-------- Given information
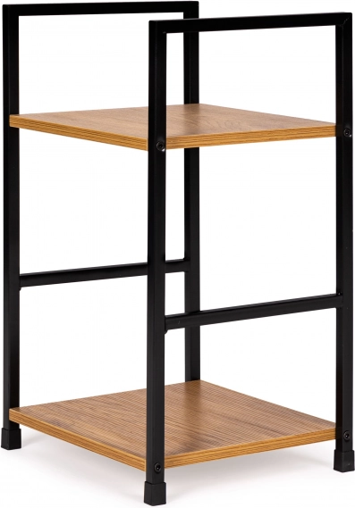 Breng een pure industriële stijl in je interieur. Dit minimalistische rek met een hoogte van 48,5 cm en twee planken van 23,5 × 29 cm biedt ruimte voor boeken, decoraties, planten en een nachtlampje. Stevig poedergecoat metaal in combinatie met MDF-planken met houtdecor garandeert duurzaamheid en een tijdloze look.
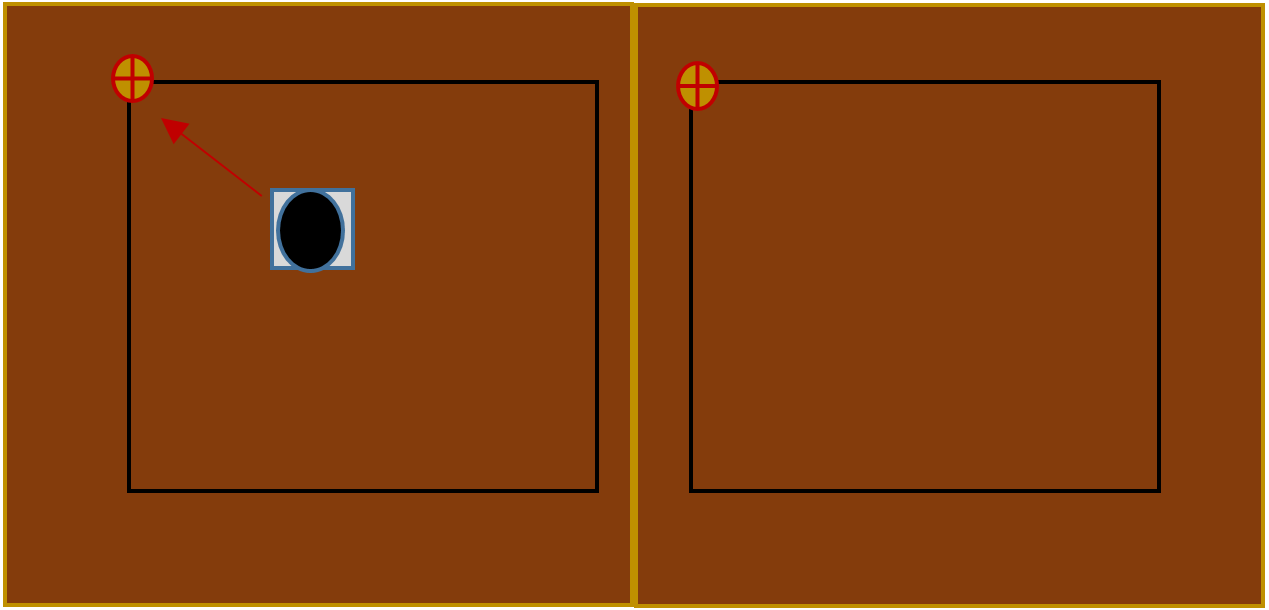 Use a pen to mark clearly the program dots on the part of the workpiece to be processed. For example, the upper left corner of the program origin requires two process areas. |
----------------
-------- Given information
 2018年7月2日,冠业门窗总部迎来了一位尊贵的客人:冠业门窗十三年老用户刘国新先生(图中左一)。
----------------
-------- Given information
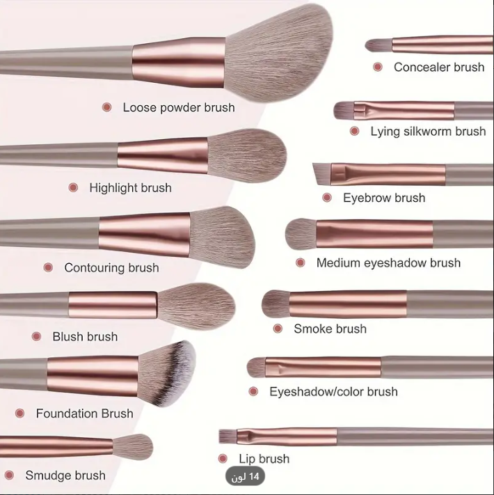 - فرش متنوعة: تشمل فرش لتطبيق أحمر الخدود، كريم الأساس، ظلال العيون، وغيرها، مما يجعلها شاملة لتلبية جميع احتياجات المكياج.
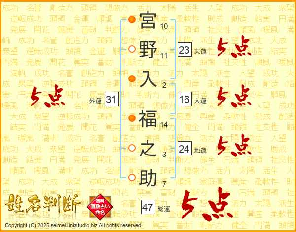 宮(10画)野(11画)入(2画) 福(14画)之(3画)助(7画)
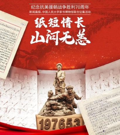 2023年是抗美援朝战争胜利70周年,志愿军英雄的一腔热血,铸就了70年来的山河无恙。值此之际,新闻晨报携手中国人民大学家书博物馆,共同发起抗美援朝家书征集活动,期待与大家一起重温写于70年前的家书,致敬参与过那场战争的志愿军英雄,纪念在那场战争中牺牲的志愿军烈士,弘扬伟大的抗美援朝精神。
----------------
What you will do
Using the entries above, transcribe every line from the line containing "宮(10画)野(11画)入(2画) 福(14画)之(3画)助(7画)" through the line containing "2023年是抗美援朝战争胜利". Do not copy pictures.

Your response
 宮(10画)野(11画)入(2画) 福(14画)之(3画)助(7画)
 2023年是抗美援朝战争胜利70周年,志愿军英雄的一腔热血,铸就了70年来的山河无恙。值此之际,新闻晨报携手中国人民大学家书博物馆,共同发起抗美援朝家书征集活动,期待与大家一起重温写于70年前的家书,致敬参与过那场战争的志愿军英雄,纪念在那场战争中牺牲的志愿军烈士,弘扬伟大的抗美援朝精神。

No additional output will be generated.